ID3 uses the information gain to select the best node at each level in the tree. Now, you might be wondering what is Information Gain? But, before understanding about the term Information Gain we should know about what is Entropy. Entropy in simple terms is a measure of uncertainty in the given dataset D and Information Gain tells us how much uncertainty in dataset D is reduced after splitting the dataset D on a particular node. The node with high Information Gain is splitted at each level.

Mathematical expression for Entropy:-

H(D)=∑ x ⊂ X ( – p(x) log2 (x) )

Where,

D- is the dataset

X- is the set of classes in D

p(x)- is the probability of x in D.

Mathematical expression for Information Gain:-

I(A,D) = H(D)-∑ y ⊂ Y ( – p(y) H(y) )

H(D)- is the entropy of D

Y- is the subset created by splitting D at node A.

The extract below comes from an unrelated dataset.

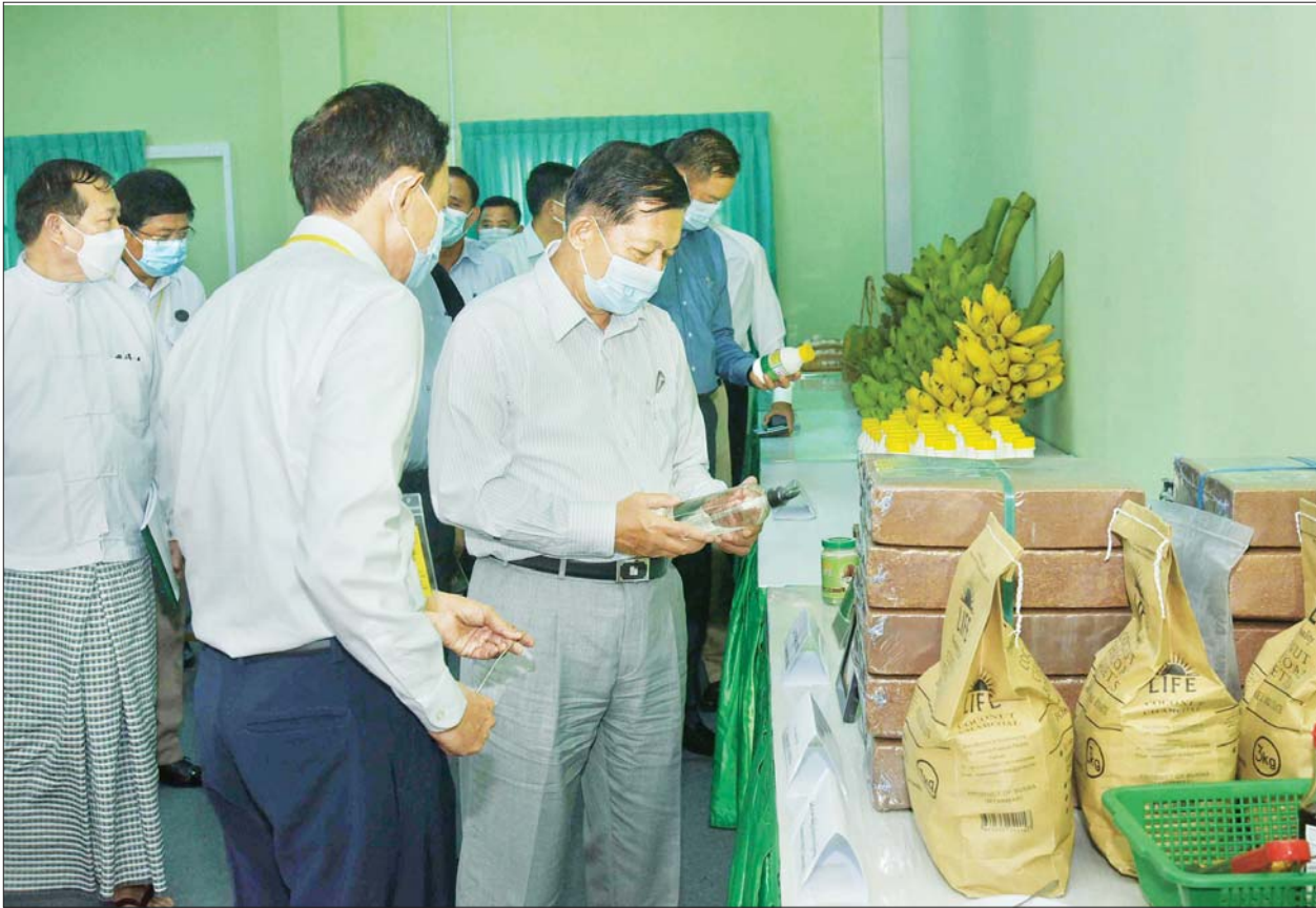
နိုင်ငံတော်စီမံအုပ်ချုပ်ရေးကောင်စီဥက္ကဋ္ဌ၊ နိုင်ငံတော်ဝန်ကြီးချုပ် ဗိုလ်ချုပ်မှူးကြီး မင်းအောင်လှိုင် သီလဝါဘက်စုံစိုက်ပျိုးမွေးမြူရေးဇုန်မှ ထွက်ရှိသည့် စိုက်ပျိုးရေးထွက်ကုန်နှင့် နို့ထွက်ပစ္စည်းများ ခင်းကျင်းပြသထားမှုကို ကြည့်ရှုစစ်ဆေးစဉ်။

(နိုင်ငံတော်စီမံအုပ်ချုပ်ရေးကောင်စီဥက္ကဋ္ဌ၊ နိုင်ငံတော်ဝန်ကြီးချုပ် ဗိုလ်ချုပ်မှူးကြီး မင်းအောင်လှိုင် ၂၇-၉-၂၀၂၁ ရက်နေ့တွင် ပြည်ထောင်စုသမ္မတမြန်မာနိုင်ငံတော် အိမ်စောင့်အစိုးရအဖွဲ့အစည်းအဝေးအမှတ်စဉ် (၂/၂၀၂၁) ၌ ပြောကြားသည့်အမှာစကားမှ ကောက်နုတ်ချက်)

p(y)- is the probability of y in the set D.

H(y) – is the entropy of subset y.

Procedure of ID3 Algorithm

  1. Calculate entropy for the dataset.
  2. For each node
    1. Calculate entropy for all its categorical values.
    2. Calculate information gain for the node.
  3. Find the node with highest information gain at a particular level.
  4. Repeat steps from 1 to 3 till we reach the leaf node and have created our decision tree.

Creating a Decision Tree using the ID3 algorithm

Let’s look an example to make it more clear, Consider the dataset for prediction of student needs tutor or not.

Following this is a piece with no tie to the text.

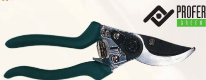
TIJERA PODAR 1 MANO PROFER GREEN

Ref. PG0746 | 6,57 € + IVA = 7,95 € | Ref. 16.8

Table of dataset. Creating a Decision Tree using the ID3 Algorithm

The dataset is self explanatory, here Yes means he does that work and No means he doesn’t do that work.

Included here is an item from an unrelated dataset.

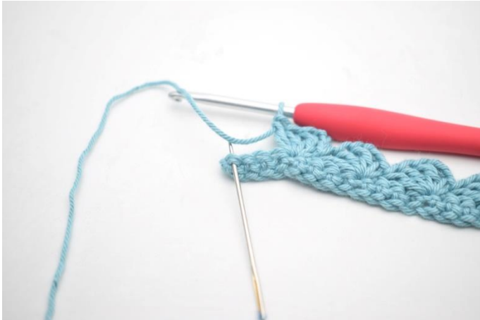
13. Omiń 3 o i szydełkuj 1 psł w ostatnim o.

Here the dataset is of binary classes, where 4 out of 12 are Yes and 8 out of 12 are No.

Note :- In case of binary classification we take log2 in the formula, for n classification take logn in the formula instead of log with base 2 .

Complete entropy of dataset is -
H(S) = - p(YES) * log2(p(YES)) - p(no) * log2(p(no))
     = - (4/12) * log2(4/12) - (8/12) * log2(8/12)
     = - (-0.527) - (-0.395)
     = 0.922
Information Gain for Regular:-

From the dataset we can see we have 5 rows with Yes value out of 12 for which there are 2 Yes in the target column and 3 No in the target column.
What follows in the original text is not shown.